Leave out the pictures and restate every entry word for word.

▶ [Records for the exercise]
*** Block opens ***

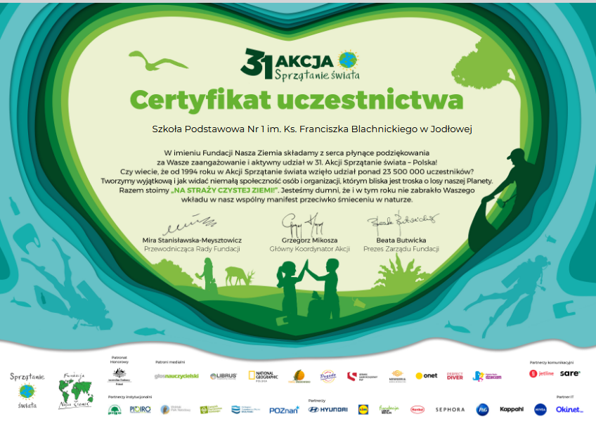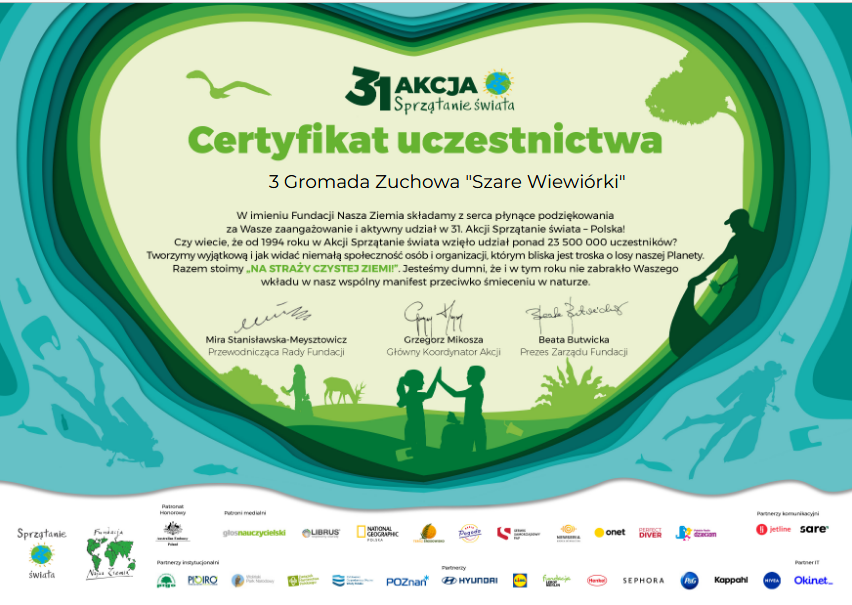 Certyfikat dla szkoły i zuchów Opublikowano: 15 październik 2024 Nasza szkoła i 3 Gromada Zuchowa "Szare wiewiórki" otrzymały CERTYFIKAT za zaangażowanie i aktywny udział w akcji "Sprzatanie świata" .
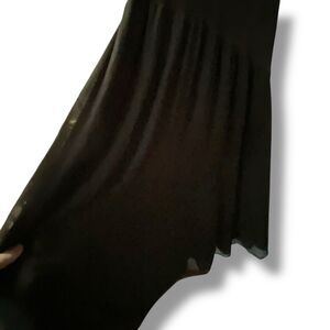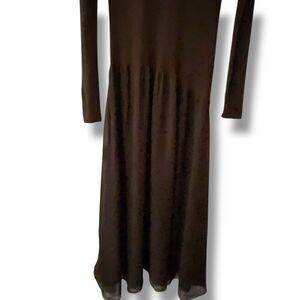 Expertly crafted with a high neck and ruffled detail, this knit midi dress exudes sophistication. With long sleeves, ribbed knit top and a Flowy sheer lined bottom it provides both style and warmth. Lined bottom for added comfort, this dress is a must-have for any fashionable wardrobe
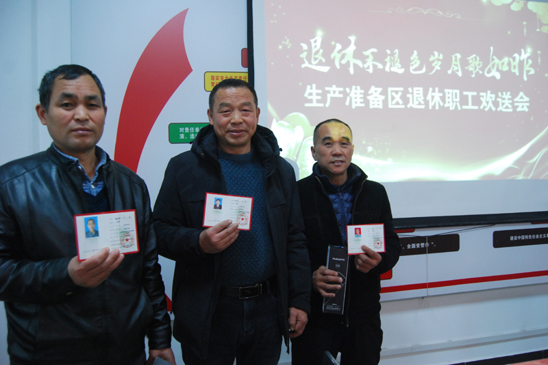 12月13日上午,恒源礦生產(chǎn)準(zhǔn)備區(qū)在會(huì)議室專門為李祥坤、劉紹春、韓金光等8位退休職工舉辦了簡(jiǎn)潔而溫馨的歡送儀式,并為他們送上了精心準(zhǔn)備的紀(jì)念品,將對(duì)退休職工的關(guān)心關(guān)懷落到實(shí)處。
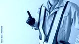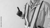 指差しポーズをする作業服の男性|建設業・警備員・ガードマン イメージ
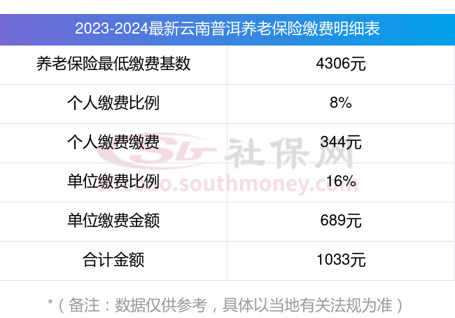 云南普洱养老保险缴费基数2023-2024最新标准,一个月要交多少钱?
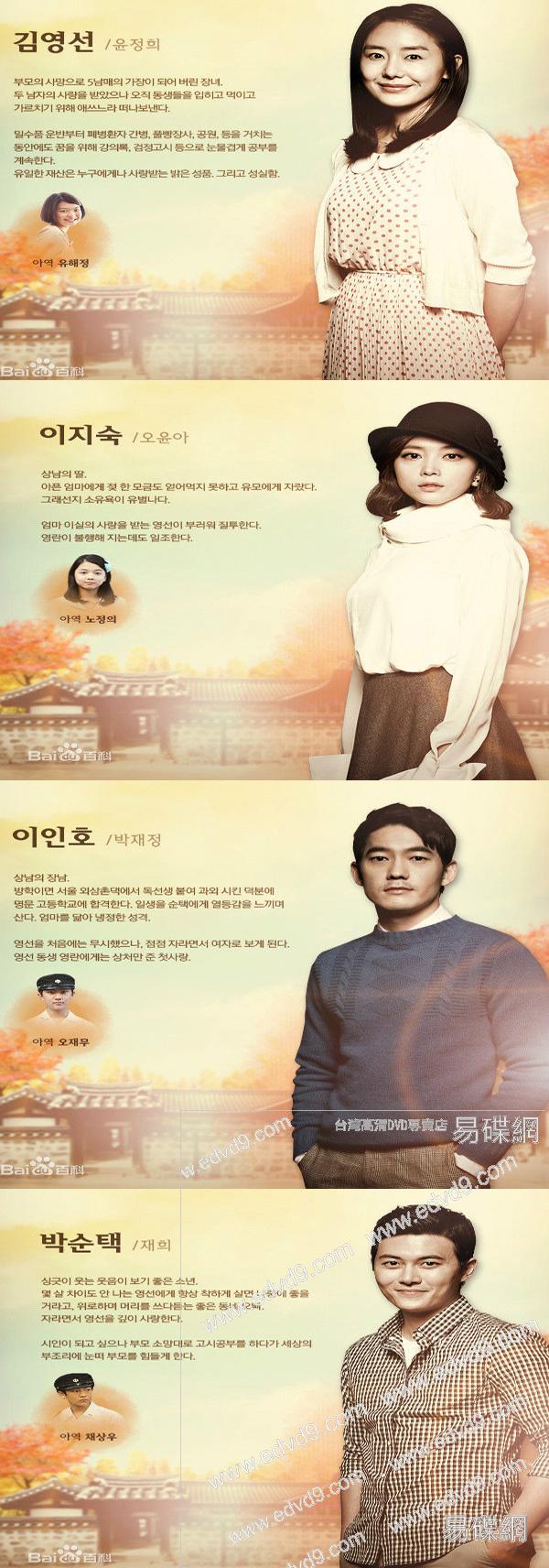 劇情簡介: JTBC即將於2013年9月播出的一部50集的以1960年為背景的周末劇,劇中講述在年紀很小的時候就失去父母的長女養大弟弟妹妹,成功的在社會上拼搏的故事。 貨到付款寄去臺灣本島, (如要寄去臺灣以外的地方,請先聯絡,我們會再報有關的郵費給你參考的,謝謝)
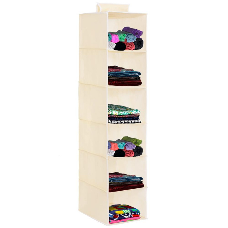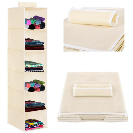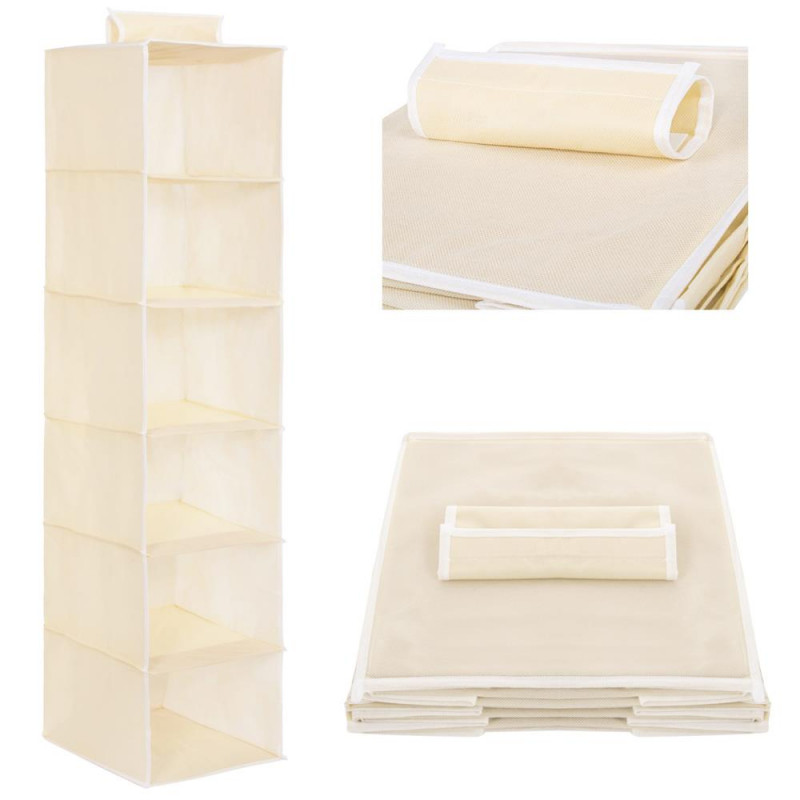 Un organizator suspendat este un element organizatoric excelent intr-un dormitor sau chiar in garderoba unui copil. Bara de agatat din garderoba nu ocupa spatiu, oferind in acelasi timp spatiu pentru depozitarea diverselor articole precum haine, lenjerie de pat, genti sau jucarii. Datorita formei pliabile, este usor de depozitat chiar si atunci cand nu este utilizat in prezent. Produsul este echipat cu compartimente practice in care poti sorta perfect hainele. Datorita organizatorului suspendat, fiecare element isi va gasi locul potrivit. Va fi perfect si pentru un dulap, avand grija de asternuturi, perdele sau alte accesorii. Materialul din fibra din care a fost realizat organizatorul este agatat cu o prindere Velcro. Aceasta functionalitate faciliteaza mutarea organizatorului in alte locuri. Lungimea potrivita il face sa se potriveasca in orice garderoba.
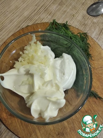 Готовим соус - смешиваем сметану, плавленый сыр, чеснок, пропущенный через пресс, нарезанную зелень, даем настояться.

*** Block closes ***

▶ [Answer space]
 Certyfikat dla szkoły i zuchów Opublikowano: 15 październik 2024 Nasza szkoła i 3 Gromada Zuchowa "Szare wiewiórki" otrzymały CERTYFIKAT za zaangażowanie i aktywny udział w akcji "Sprzatanie świata" .
 Expertly crafted with a high neck and ruffled detail, this knit midi dress exudes sophistication. With long sleeves, ribbed knit top and a Flowy sheer lined bottom it provides both style and warmth. Lined bottom for added comfort, this dress is a must-have for any fashionable wardrobe
 12月13日上午,恒源礦生產(chǎn)準(zhǔn)備區(qū)在會(huì)議室專門為李祥坤、劉紹春、韓金光等8位退休職工舉辦了簡(jiǎn)潔而溫馨的歡送儀式,并為他們送上了精心準(zhǔn)備的紀(jì)念品,將對(duì)退休職工的關(guān)心關(guān)懷落到實(shí)處。
 指差しポーズをする作業服の男性|建設業・警備員・ガードマン イメージ
 云南普洱养老保险缴费基数2023-2024最新标准,一个月要交多少钱?
 劇情簡介: JTBC即將於2013年9月播出的一部50集的以1960年為背景的周末劇,劇中講述在年紀很小的時候就失去父母的長女養大弟弟妹妹,成功的在社會上拼搏的故事。 貨到付款寄去臺灣本島, (如要寄去臺灣以外的地方,請先聯絡,我們會再報有關的郵費給你參考的,謝謝)
 Un organizator suspendat este un element organizatoric excelent intr-un dormitor sau chiar in garderoba unui copil. Bara de agatat din garderoba nu ocupa spatiu, oferind in acelasi timp spatiu pentru depozitarea diverselor articole precum haine, lenjerie de pat, genti sau jucarii. Datorita formei pliabile, este usor de depozitat chiar si atunci cand nu este utilizat in prezent. Produsul este echipat cu compartimente practice in care poti sorta perfect hainele. Datorita organizatorului suspendat, fiecare element isi va gasi locul potrivit. Va fi perfect si pentru un dulap, avand grija de asternuturi, perdele sau alte accesorii. Materialul din fibra din care a fost realizat organizatorul este agatat cu o prindere Velcro. Aceasta functionalitate faciliteaza mutarea organizatorului in alte locuri. Lungimea potrivita il face sa se potriveasca in orice garderoba.
 Готовим соус - смешиваем сметану, плавленый сыр, чеснок, пропущенный через пресс, нарезанную зелень, даем настояться.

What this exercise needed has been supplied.